Evaluation of failure lives of mod. 9Cr-1Mo steel under high temperature multiaxial creep-fatigue using strain energy; Effect of maximum stress history and stress relaxation on life correlation

Ogawa, Fumio*; Imagawa, Yuya ; Hashidate, Ryuta ; Hiyoshi, Noritake*; Ito, Takamoto*

In recent years, the demand for environmental protection has led to a trend toward shorter startup and shutdown intervals in thermal power plants. In fast breeder reactors (FBRs), more stringent operating environments (temperature and sodium environment) are also being considered. Modified 9Cr-1Mo steel is used in thermal power plants and fast breeder reactors because of its excellent mechanical properties at high temperatures.

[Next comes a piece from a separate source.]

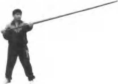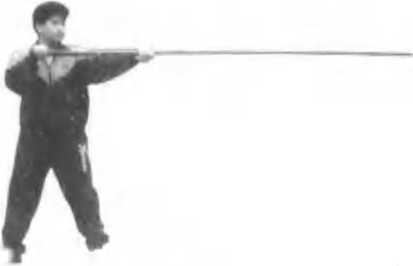 依上势.左P着??,脚向前迈上一步成二宇钳阳嗎, 左手回拉.右手以肘底劲向前tt准棍尾,使棍梢向下,目忆 盯住棍梢(见图3?>

In actual machines, Modified 9Cr-1Mo steel is used in a creep-fatigue type with complex stress conditions, which may cause more damage than the uniaxial condition, so it is necessary to measure the multiaxial creep-fatigue life and establish a life evaluation method. In this study, axial and torsional multiaxial creep-fatigue tests were conducted in 550C air to accumulate property data and to evaluate the life. The results will be described later, but the strain rate and retention time dependence showed peculiarities different from those in the past. Next, the strain energy corresponding to the hysteresis loop area between stress and strain was calculated to evaluate the life, and the same energy was theorized to compare the actual and theoretical life. Specifically, a new life evaluation method based on strain energy was studied, which can evaluate the peculiar strain rate, retention time dependence, and multiaxial state observed in the proportional loading test.